Managing Cloud KMS With AI: Rotation, IAM, and CMEK

There’s a category of cloud mistake where the cleanup is the disaster. Cloud KMS is the cleanest example I know. Someone tidying up “unused” keys disables an old key version, and somewhere a Cloud Storage bucket full of CMEK-encrypted objects becomes permanently unreadable — because the data was encrypted under that exact version and KMS will not decrypt it without that version enabled. No restore, no support ticket that brings it back. KMS rewards a specific mental model: keys have versions, data is bound to the version that encrypted it, and rotation creates new versions without migrating old data. Get that model right and key management is routine; get it wrong and you strand data. AI is a useful partner here, but only inside firm guardrails, because the failure mode is irreversible.

Least privilege and separation of duties

KMS IAM splits into two worlds that should rarely overlap: admins who manage keys, and the cryptoKeyEncrypterDecrypter role that services use to actually encrypt and decrypt. The audit findings I see most are a single principal holding both, broad grants at the key-ring level that should sit on one key, and human users holding the service role.

gcloud kms keys get-iam-policy my-key \
  --keyring=my-ring --location=us-central1

Prompt: “Here’s the IAM policy on a Cloud KMS key. Flag any principal that holds both key-admin and cryptoKeyEncrypterDecrypter (separation-of-duties violation), any grant at the key-ring level that should be scoped to a single key, and any human user holding the encrypt/decrypt service role. Recommend a least-privilege layout: service accounts for encrypt/decrypt, a separate audited admin group, and per-key scoping.”

Separation of duties isn’t bureaucratic box-checking here — it’s what stops one compromised credential from both reading data and covering its tracks by managing the key.

Rotation that doesn’t strand data

The most dangerous misconception about rotation is that it re-encrypts existing data.

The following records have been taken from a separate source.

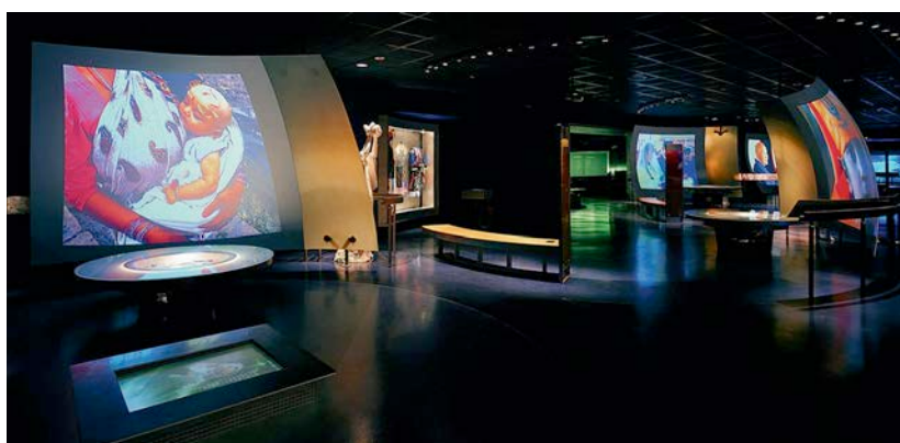
Fig. 1. The Hall of Life's Journey, media installations in the Museum of World Religions in Taipei.

The Museum of World Religions in Taipei, for instance, makes use of this device. Material artefacts are replaced by modern media such as video shows (Fig. 1). Artefacts and performances are projected into the museum space via the screen and enjoy a virtual presence without actually being there. What is shown or not shown on the screen will necessarily require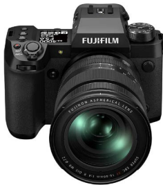
X-H2 Kit w/XF 16-80mm $3,150 (reg. $3,200)

VG-XH2 Vertical Battery Grip - $275 (reg. $515)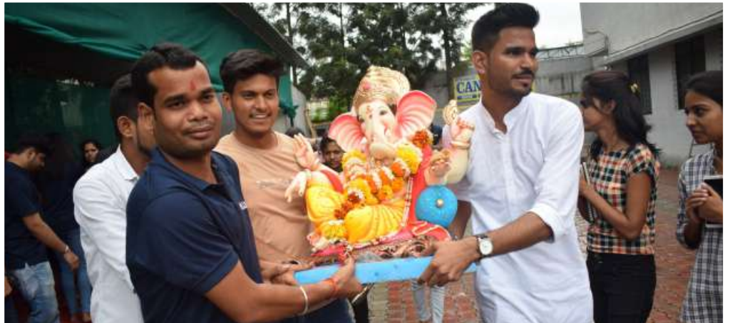
GANESH CHATURTHI ▶ CELEBRATION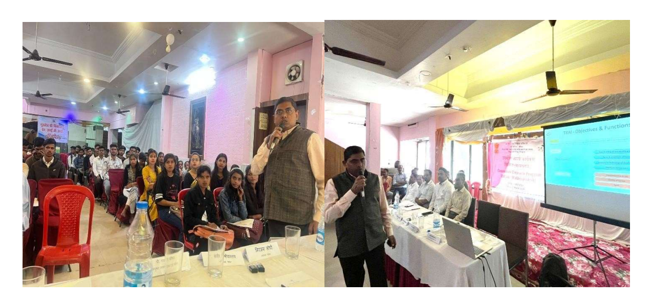
Consumer Outreach Program at Vidisha (Madhya Pradesh) on 06<sup>th</sup> March 2024 by RO Bhopal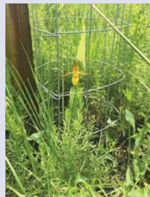
Reintroduced orchid species

grandmother always spoke about how much she loved the area they were planting.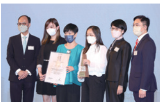
Gold Award The Hang Seng University of Hong Kong New Academic Building Project (Rider Levett Bucknall Limited)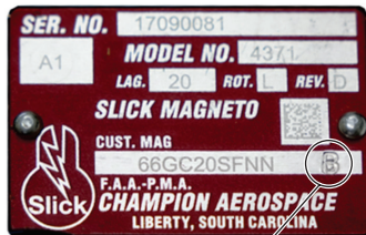
LETTER "B" INDICATES REPAIRED MAGNETO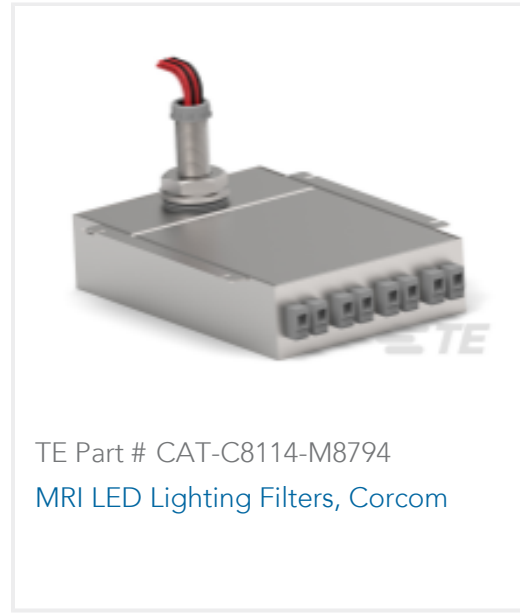
TE Part # CAT-C8114-M8794 MRI LED Lighting Filters, Corcom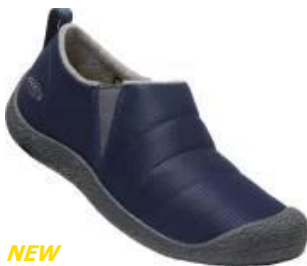
NEW Men's 1026858 Black Iris/Magnet

RETAIL $110.00 SIZES 7-15 (1/2 THRU 12)H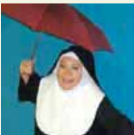
NUNSENSE October 30, 2008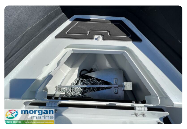
Highfield Sport 700 - anchor locker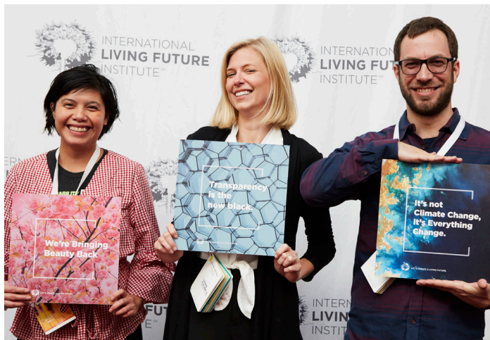
International Living Future Institute

Have you already completed some General LFA CE credits, e.g. by attending our annual Living Future Conference? These credits can be applied to your LFA and will simply need to be self-reported in your Living Future Education account after you've enrolled in LFA.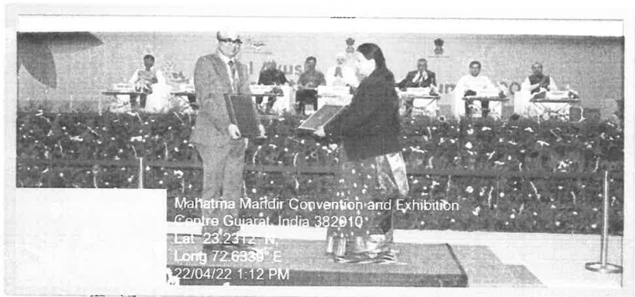
Toronto-based University Health Network (UHN) and the All-India Institute of Ayurveda (AIIA), New Delhi, signed a MoU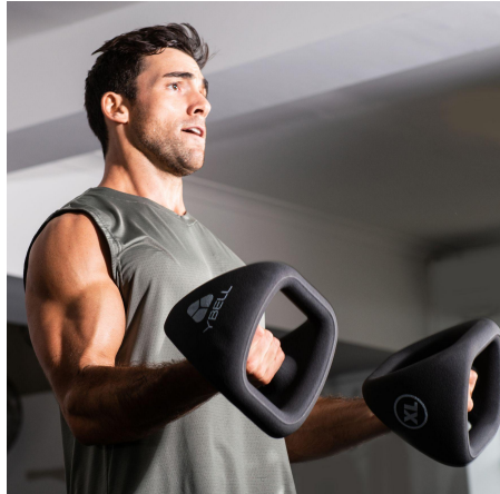
Center Grip = Dumbbell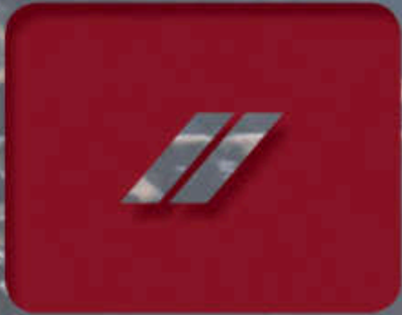
REDLINE RED 2 COAT PEARL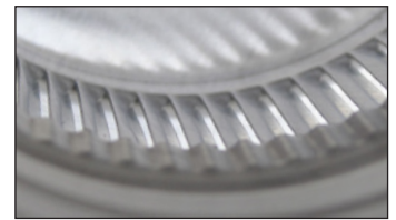
Close up of louvers - Inside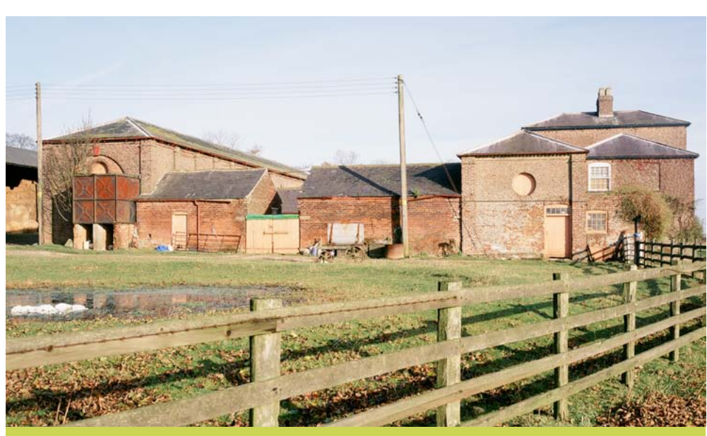
Sledmere Estate. Traditional buildings are constructed of brick and pan-tiled roofs.

In this remote landscape, the Yorkshire Wolds Way National Trail, a long distance route from Hull to Filey Brigg, provides an important recreation opportunity. Long and short walks can be enjoyed throughout the NCA and two national cycle routes pass through: the Way of the Roses, running coast to coast from Morecambe Bay to Bridlington Bay and a circular route known as the Yorkshire Wolds Cycle Route running from Beverley to Market Weighton.

It doesn’t. Rotation creates a new primary key version that encrypts new data; everything already encrypted stays on its original version until something rewrites it. So old versions must remain enabled, and automatic rotation is safe precisely because it doesn’t touch existing ciphertext.

gcloud kms keys update my-key --keyring=my-ring \
  --location=us-central1 --rotation-period=90d --next-rotation-time=...

Prompt: “We want to set 90-day automatic rotation on this key, which encrypts CMEK data in Cloud Storage and BigQuery. Confirm what rotation actually does — that it creates a new version for new data and does NOT re-encrypt existing data — and explain why old key versions must stay ENABLED for existing data to remain readable. Then give the rotation config and what to monitor.”

That clarification prevents the catastrophic follow-on action: a well-meaning engineer setting rotation, assuming the data has migrated, and then destroying the old versions. The model spelling out that existing data stays on its original version is what stops the disaster before it starts.

CMEK coverage and the dependency it creates

Customer-managed encryption keys let you control the keys behind managed services, but they also create a hard dependency: if the key is disabled or the service agent loses its grant, the service loses access to its data instantly. So CMEK review is partly a coverage check and partly a dependency map.

Prompt: “For each of these services holding sensitive data — Cloud Storage, BigQuery, Compute disks — check whether CMEK is applied and that the right service agent has cryptoKeyEncrypterDecrypter on the key. For each CMEK relationship, state the dependency explicitly: what breaks if this key is disabled or this grant is removed. I want to know exactly what I’d strand.”

Knowing the dependency map is what makes every later decision safe. Before anyone disables a key or revokes a grant, the map tells them what data hangs off it.

Destroy safety: the reversible path

When a key version genuinely needs to go, the safe sequence is disable first, watch for breakage, then schedule destruction with the built-in delay — never immediate destruction.

Prompt: “I believe an old key version is no longer protecting any data and want to remove it. Give me a safe procedure: how to confirm nothing is still encrypted under it, why I should disable it first as a reversible test, and why scheduled destruction with the delay window is safer than immediate destruction. Treat this as potentially data-stranding and tell me what to verify before each step.”

Disabling is reversible — re-enable and access returns. Destruction is not. The scheduled-destruction delay exists as a last chance to catch a mistake, and I use it every time.

The honest division of labor

AI is strong at the structural KMS work: auditing key IAM for separation-of-duties violations, mapping CMEK dependencies, and laying out a safe rotation or destruction procedure. The rules follow from how versions and grants work, which is well-documented, so the model is reliable on them. What it cannot know is whether some forgotten archive bucket still holds objects encrypted under the version you’re about to destroy — only your inventory knows that.

So the guardrails are absolute: I never destroy a key version or revoke a service agent’s grant on the model’s word alone, and I always prefer disable-then-scheduled-destroy over immediate action. The reusable prompts live in my prompts library, and the GCP with AI series covers the identity layer these grants depend on, including least-privilege IAM for the service accounts that hold encrypt/decrypt rights. With KMS, the slow, reversible path is the professional one.